- _THE TASK_: Without the pictures, copy the entries below word for word.

:::

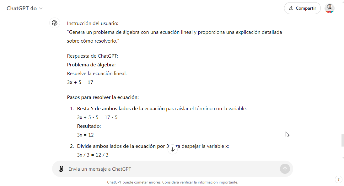 - Resolución de problemas matemáticos: ChatGPT puede plantear problemas de matemáticas y guiar a los estudiantes paso a paso para que comprendan la metodología de resolución. Ejemplo: ChatGPT puede generar problemas de álgebra y proporcionar explicaciones detalladas sobre cómo resolver ecuaciones lineales, ayudando a los estudiantes a practicar y mejorar.
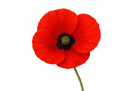 Vibrant red poppy blossom highlighting delicate petals against transparent backdrop, symbolizing memorial remembrance and peace
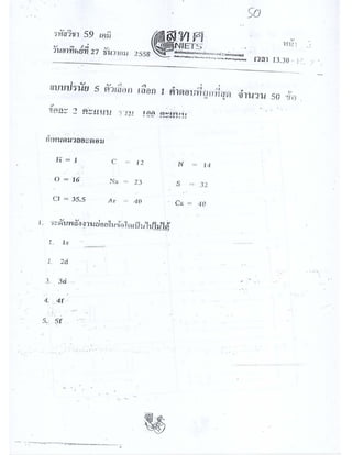 เคมี กสพท ปี58 พร้อมเฉลย
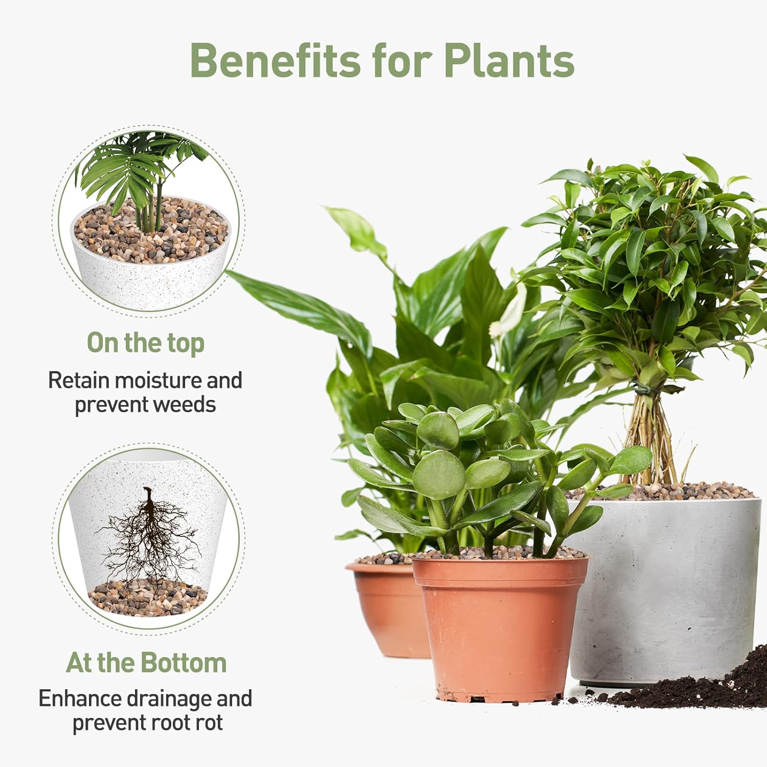 - 【Pea Gravel for Plants】These gravels also work well in improving drainage and air circulation, helping retain soil moisture and prevent soil erosion. It is ideal for small potted planters, cactus and succulents.
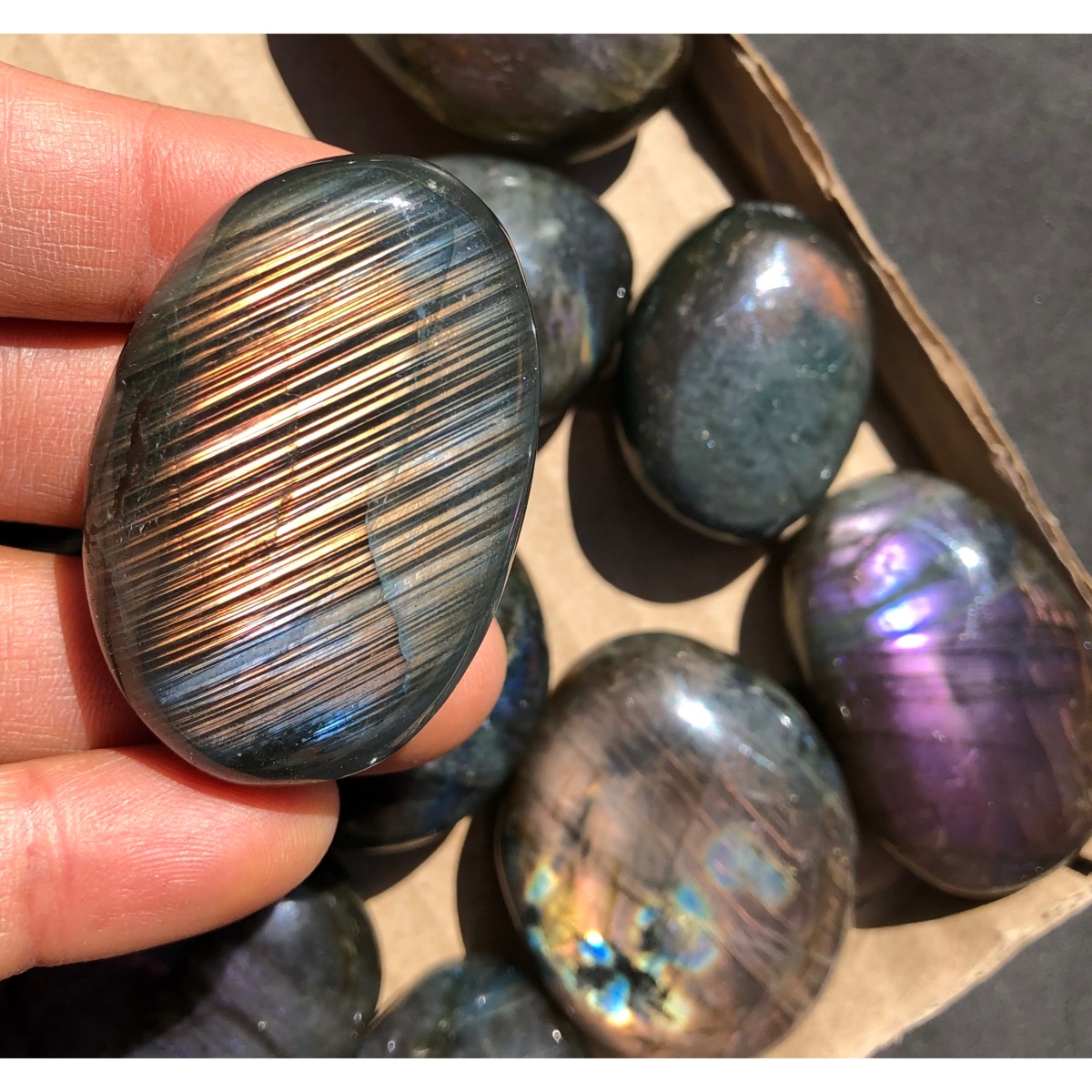 Chaque galet a du beau Reflet violet ou multicolore.
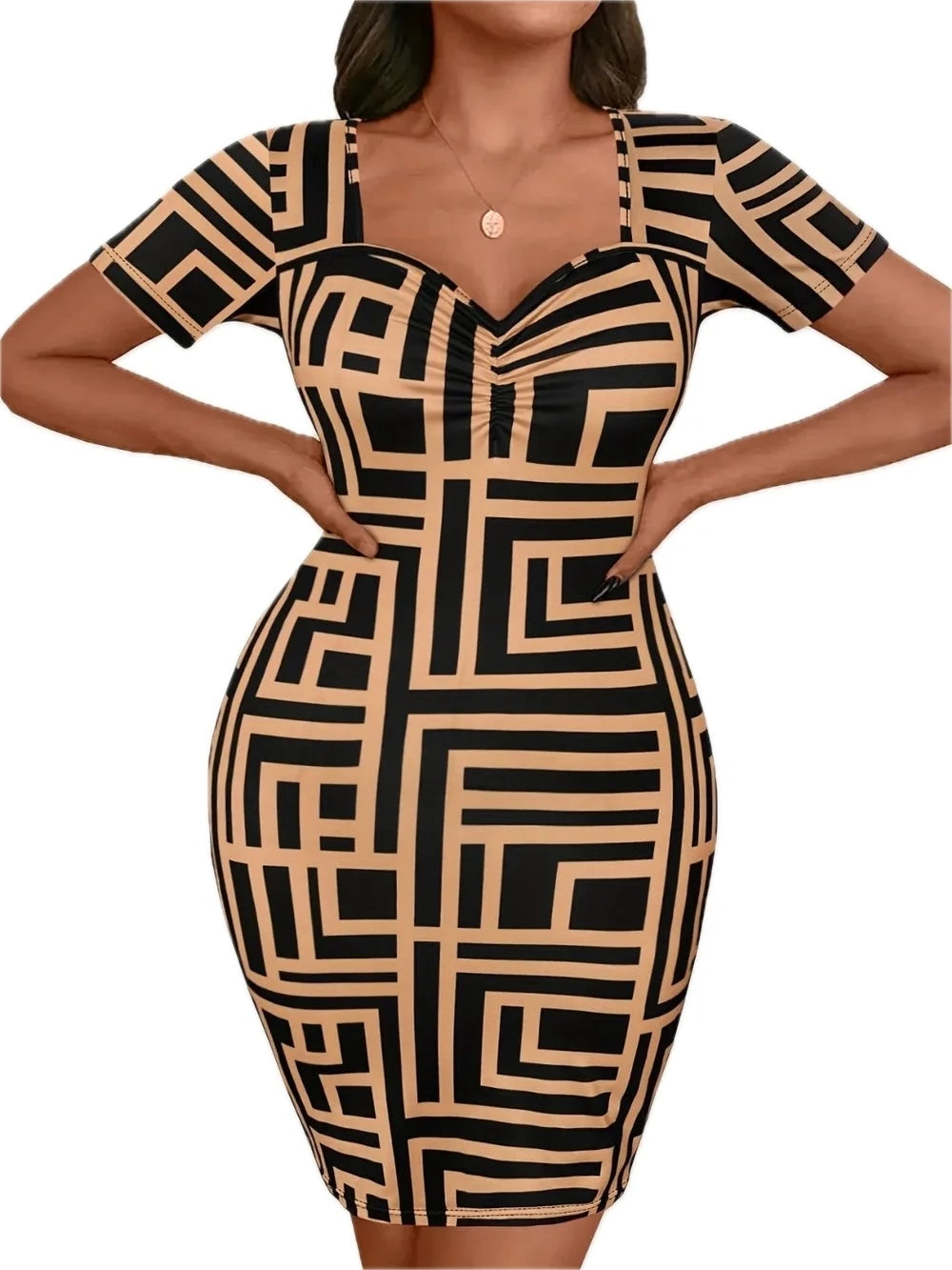 Women's Plus Size Sweetheart Neck Short Sleeve Mini Dress with Flattering Fit for Party or Everyday Wear Now Available

:::

- _REPLY_:
 - Resolución de problemas matemáticos: ChatGPT puede plantear problemas de matemáticas y guiar a los estudiantes paso a paso para que comprendan la metodología de resolución. Ejemplo: ChatGPT puede generar problemas de álgebra y proporcionar explicaciones detalladas sobre cómo resolver ecuaciones lineales, ayudando a los estudiantes a practicar y mejorar.
 Vibrant red poppy blossom highlighting delicate petals against transparent backdrop, symbolizing memorial remembrance and peace
 เคมี กสพท ปี58 พร้อมเฉลย
 - 【Pea Gravel for Plants】These gravels also work well in improving drainage and air circulation, helping retain soil moisture and prevent soil erosion. It is ideal for small potted planters, cactus and succulents.
 Chaque galet a du beau Reflet violet ou multicolore.
 Women's Plus Size Sweetheart Neck Short Sleeve Mini Dress with Flattering Fit for Party or Everyday Wear Now Available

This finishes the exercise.